Fairfield County residents say they know what it is like to get kicked in the teeth — again and again.

In just the past two years, they have seen two major utilities walk away from a $9 billion project to build two new nuclear reactors at the V.C. Summer Nuclear Station in Jenkinsville, putting about 5,000 construction workers out of work — some from Fairfield.

Then in August, TV-maker Element Electronics said it will close its Winnsboro plant, costing more than 100 jobs — most, if not all, held by Fairfield residents — as a result of President Donald Trump’s recently imposed tariffs.

But the slow death of the county’s Fairfield Memorial Hospital has been one of the most painful closings to watch, some say.

“Those are always the worst,” said Fairfield County Council Chairman Billy Smith, whose friends have worked at the hospital and family members have been born there. “It weighs on you heavily.”

Fairfield Memorial will close later this year, leaving only a stand-alone satellite emergency room that will open in its place about a mile away.

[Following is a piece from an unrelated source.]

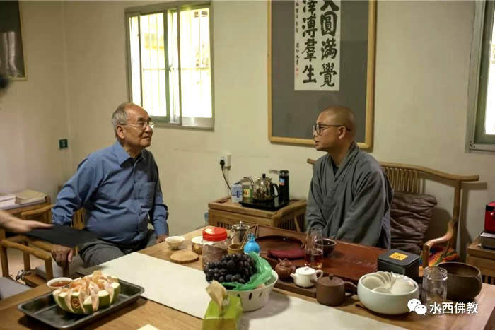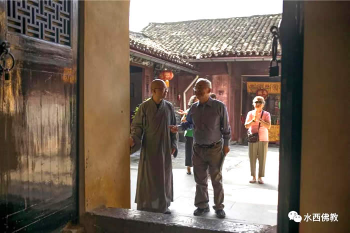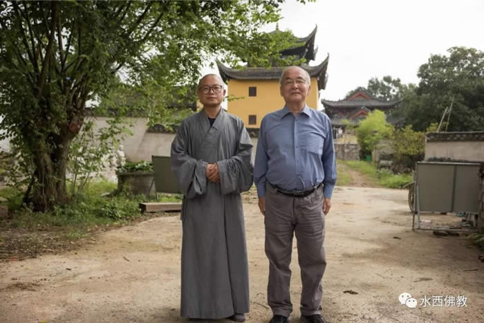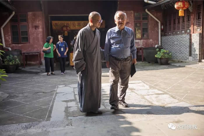 2018年8月20日,南开大学文学院中国语言文学系孙昌武教授参加完第二届水西佛教论坛闭幕式,在宝胜禅寺住持宗行法师的陪同下,风尘仆仆来到水西宝胜禅寺参访。

The closing is part of a national trend of rural hospitals shutting their doors, leaving some of the country’s poorest residents to find health care elsewhere — the result of dwindling rural county populations and, in some cases, states rejecting federal Medicaid dollars.

Anticipating the hospital’s impending death, Fairfield officials have tried to preemptively act to head off a potential health care crisis in their rural county of less than 23,000 residents.

Leaders have beefed up the county’s ambulance system and given paramedics higher wages, comparable to nearby Richland and Lexington counties. They are working to buy buildings on Fairfield Memorial’s property, leasing them back to physicians already working there.

County officials also are working to better market their public transit system. That system now takes about 14,000 Fairfield residents a year — many on Medicare, the federal health care program for older Americans, or Medicaid, the joint federal-state health care program for the poor or disabled — to doctors’ appointments in the Midlands, even Charleston.

“If we couldn’t save the hospital, we were going to do everything to save health care,” said County Administrator Jason Taylor.

Part of a larger problem

Fairfield’s situation is not unique in South Carolina.

Three other rural S.C. hospitals have closed since 2010 in Bamberg, Barnwell and Marlboro counties.

In Bamberg, the county’s more than 14,300 residents lost their full-service hospital in 2012. They also lost 350 jobs, when Bamberg’s hospital merged with Barnwell’s hospital, which itself closed in 2016.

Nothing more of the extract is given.